One of the
drastic turnarounds caused by the introduction of the new Trade Marks Act,
1999, repealing the old Trade Marks Act, 1958 was broadening the definition of
the phrase ‘permitted use’. In the new Act, the use of a registered Trade Mark
is now permitted not only by the registered user, but also by a third person
who is permitted to use the captioned registered Trade Mark with the consent of
the registered user. A license agreement would be signed between the registered
user and the third party. The clauses would mainly include granting of rights,
royalty payment, duties and obligations of both the parties,
arbitration/mediation clauses, termination and its consequences, to name a few.
This practice is called licensing which is treated as a part and parcel of any
business these days.
The
Trademarks Act does not mention the term ‘License’ but the concept under the
Act is mentioned as that of a ‘Registered User’.
Trademark
licensing is advantageous to both the parties.

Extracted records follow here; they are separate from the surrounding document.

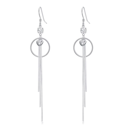 Fine Jewelry 925 Sterling Silver Zircon Heart and Circle Long Tassels Hook Earrings for Women
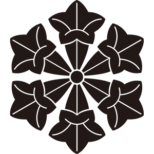 六つ竜胆車紋は、6つの竜胆の花を尻合わせに寄せて、車状に描く。
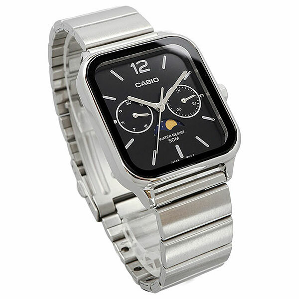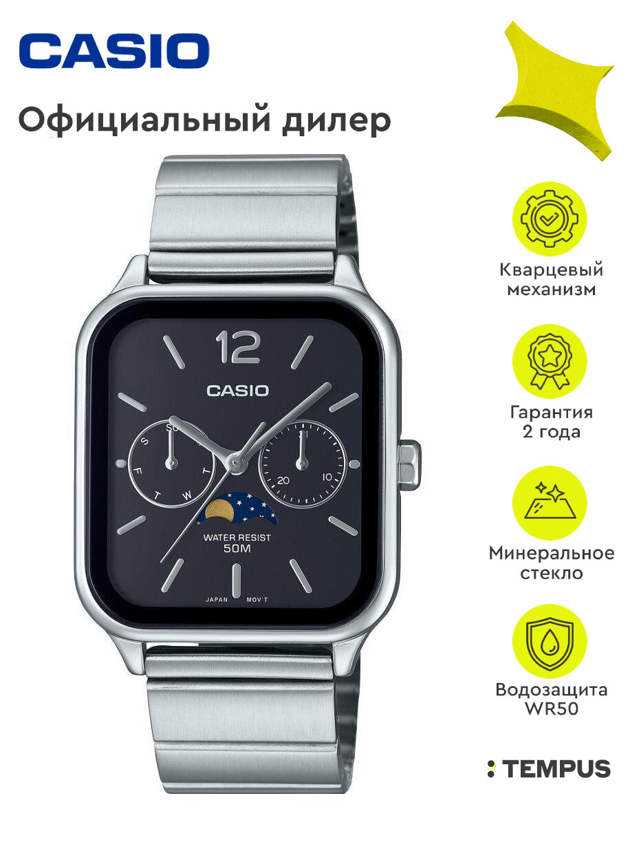 MTP-M305L-7A Casio наручные часы кварцевые WR50 (5 атм) мужские хром, черный отображение числа, восход/закат, вечный календарь, отображение дня недели, второй часовой пояс, отображение месяца минеральное стекло
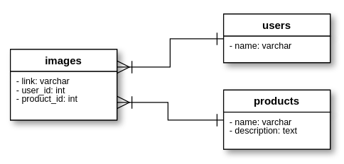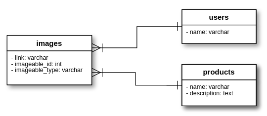 Ví dụ, một User và một bài Product đều có thể có nhiều Images.
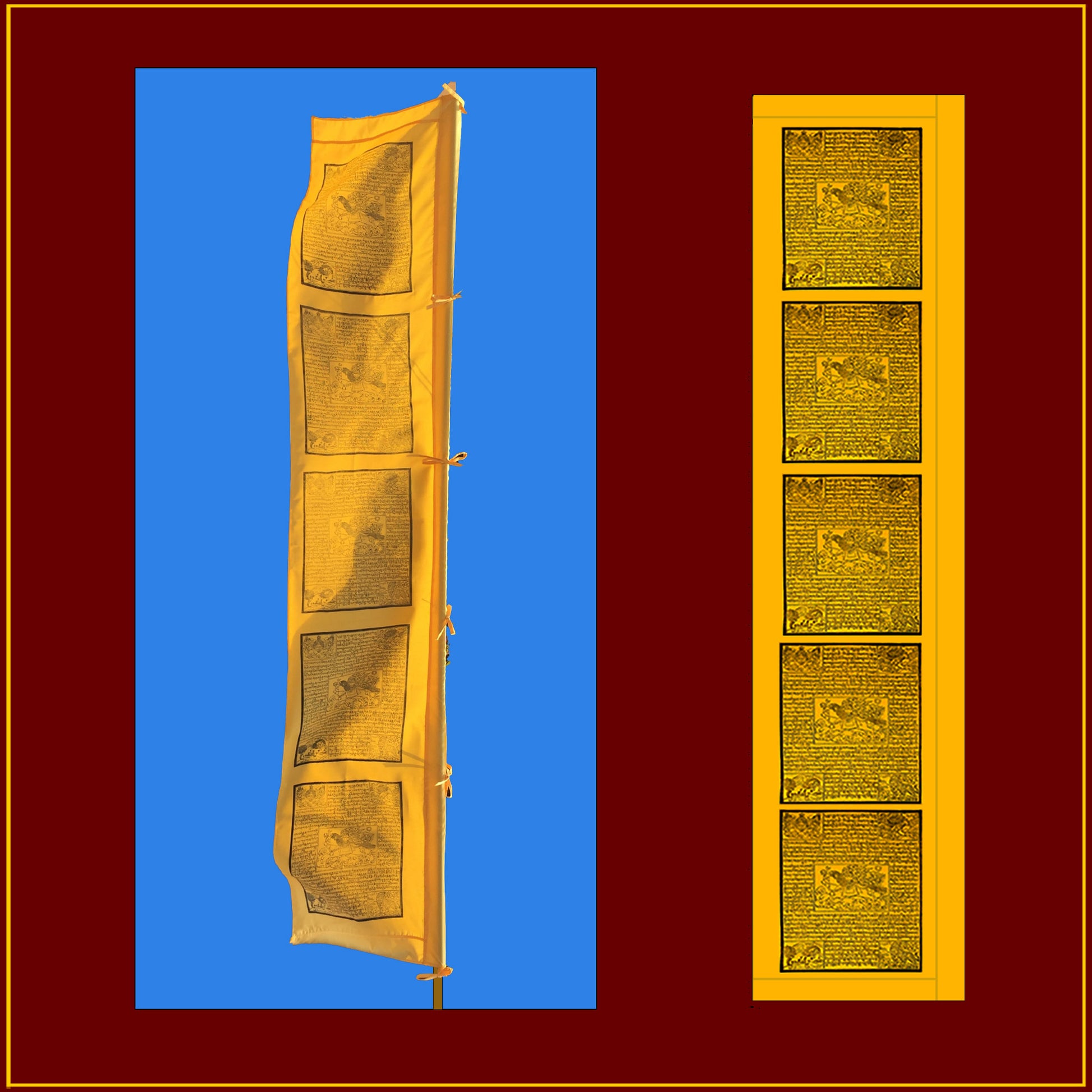 This 7'-3" tall Bhutanese style prayer flag has five prints. In the center of each print is a Windhorse, the symbol of "Good Fortune Energy." It is surrounded by the Victory Banner Sutra (Gyalstan Semo). In the corners of the print are drawings of the “Four Dignities” (dragon, garuda, snow lion, tiger). This traditional prayer flag is woodblock printed with waterproof black ink on high quality yellow cotton cloth. There is a double-folded yellow border along the pole edge, creating a sleeve, open at the bottom and closed at the top, that can be slipped over the pole. There are also cloth ties along the pole edge that can be used to tie to the pole or can be cut off with scissors if you prefer to use the sleeve option. The other three sides of the prayer flag are also hemmed.
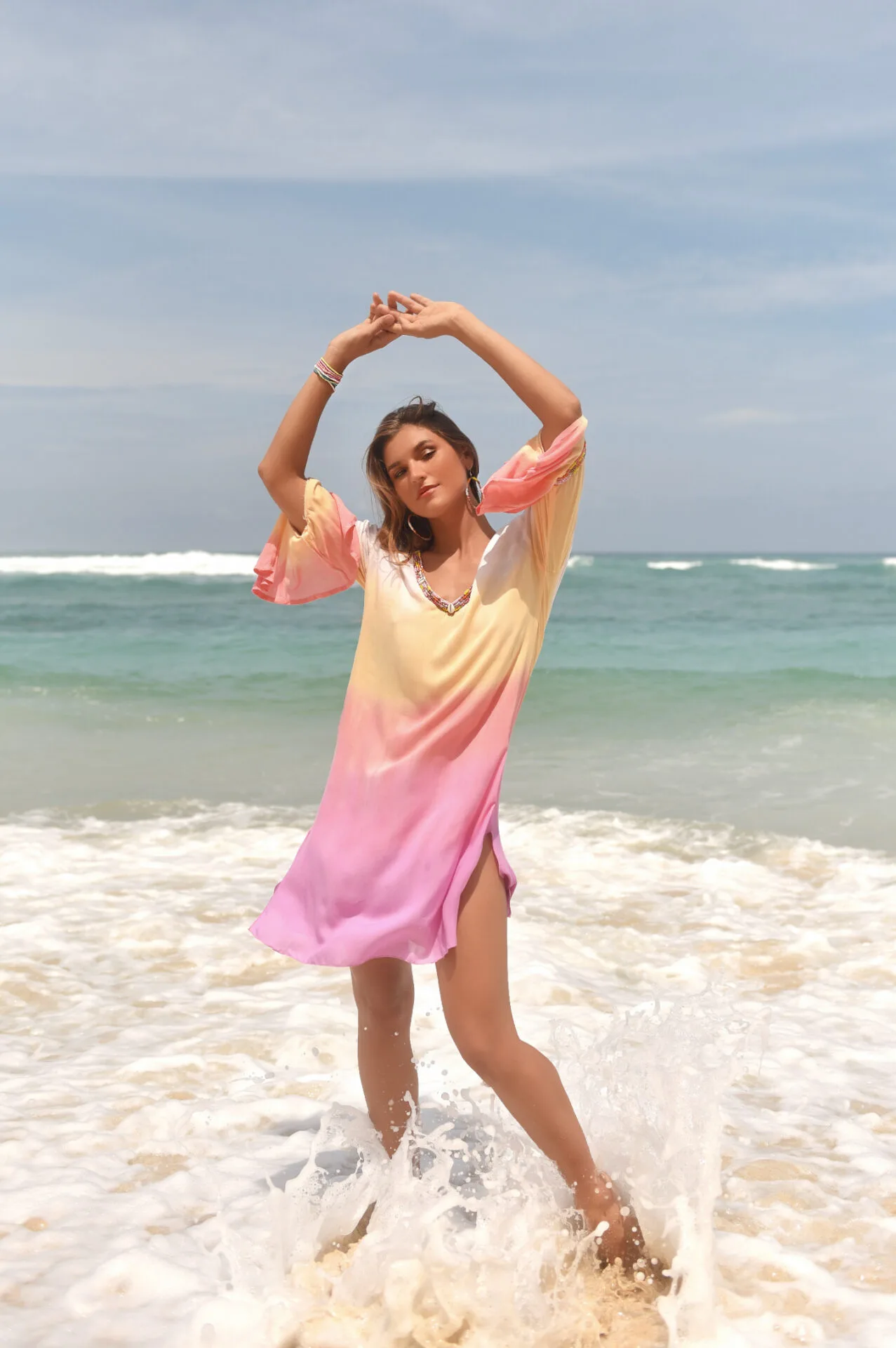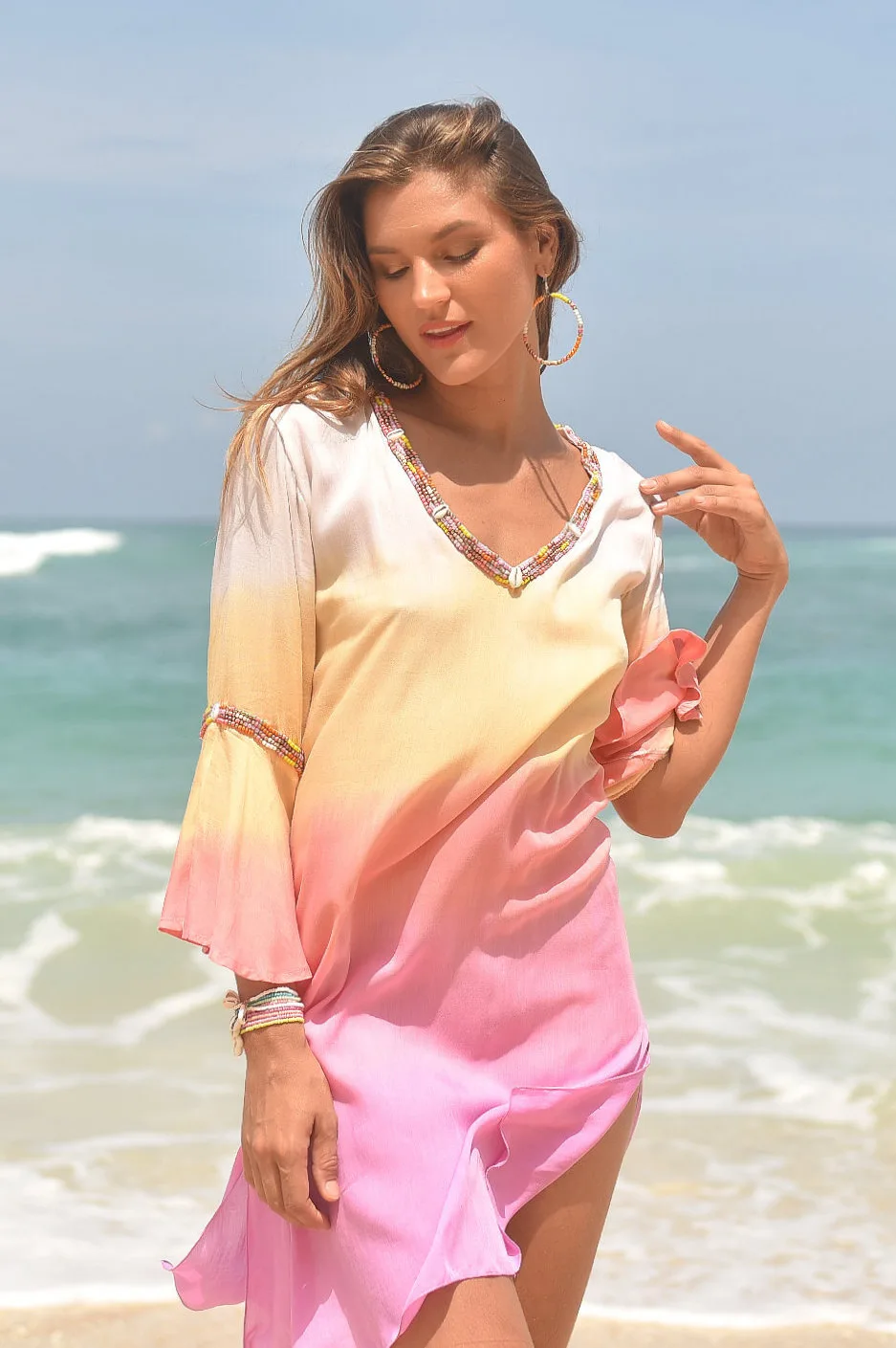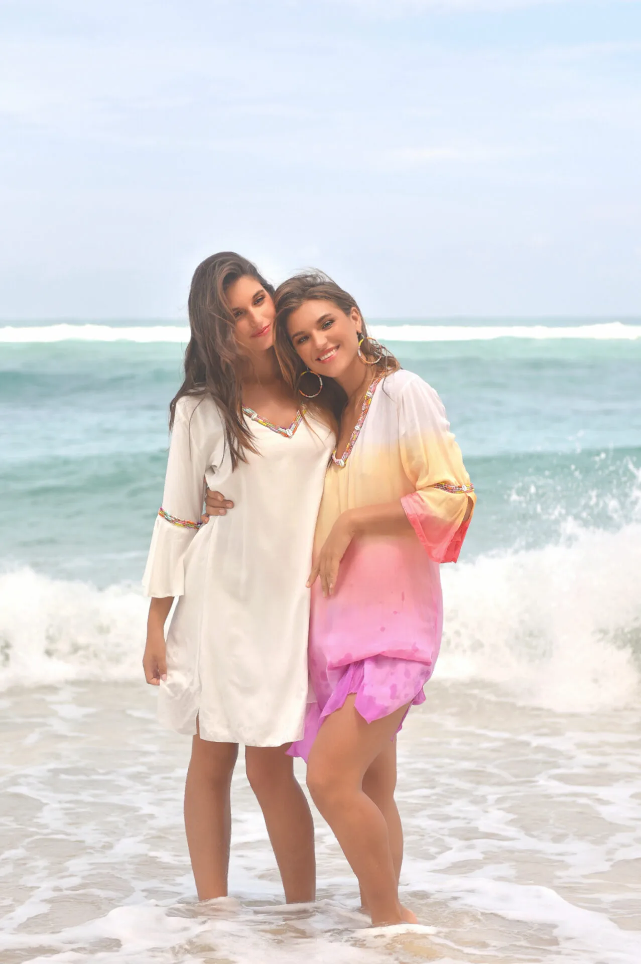 Deze tuniek is rijk afgewerkt met een uniek handgemaakt kralenontwerp en prachtige kauri schelpen langs de V-hals, wat zorgt voor een subtiele, luxe beach uitstraling. De uitlopende driekwartmouwen, versierd met bijpassende kralen, geven de tuniek een extra vrouwelijke en speelse touch.

While the licensor enjoys its rights to the mark by getting the royalties for
its use, the licensee is able to expand its market operations by using the
brand and developing its reputation.
The
advantage of Licensing is that it widens the scope of the product that the
Trade Mark covers and extends its growth in terms of value and reputation. It
is a win-win situation for both the proprietor of the Trade Mark who has
already established himself in the business arena (the licenser) and for the
person who might be just a start-up company (licensee).
Licensing,
the licensor is open to license the rights over the trademark in manner it may
like. The Licensor can restrict the rights of the licensee in a trademark or
brand with respect to the products or services wherein the licensee can use
such brand, with respect to time for which it can use such mark, with respect
to area within which it can use such mark.
The main
difference between patent licensing and Trade Mark licensing is that a patent
holder can solely license his invention as a patent whereas under the Trade
Mark law, a Trade Mark cannot be used solely for the purpose of licensing.
When it
comes to determining what exactly constitutes ‘quality control’, McCarthy in
his book ‘Trademark and Unfair Competition’ has observed that under the understanding
of the quality theory, the consumer assumes that products sold under the same
trademark will be of equal quantity regardless of the actual physical source or
producer of the goods. This means, as per the expectations of the potential
consumer, the legal form of ownership and control of a Trade Mark should not
affect the final produced goods or service. Hence, whatever be the form of
quality control exercised by the registered proprietor over the use of the Mark
by the registered user, the provision of the quality control and the
expectations to provide the same, must be written in an agreement (which is
between the licensor and the licensee) as one of the stipulated Condit.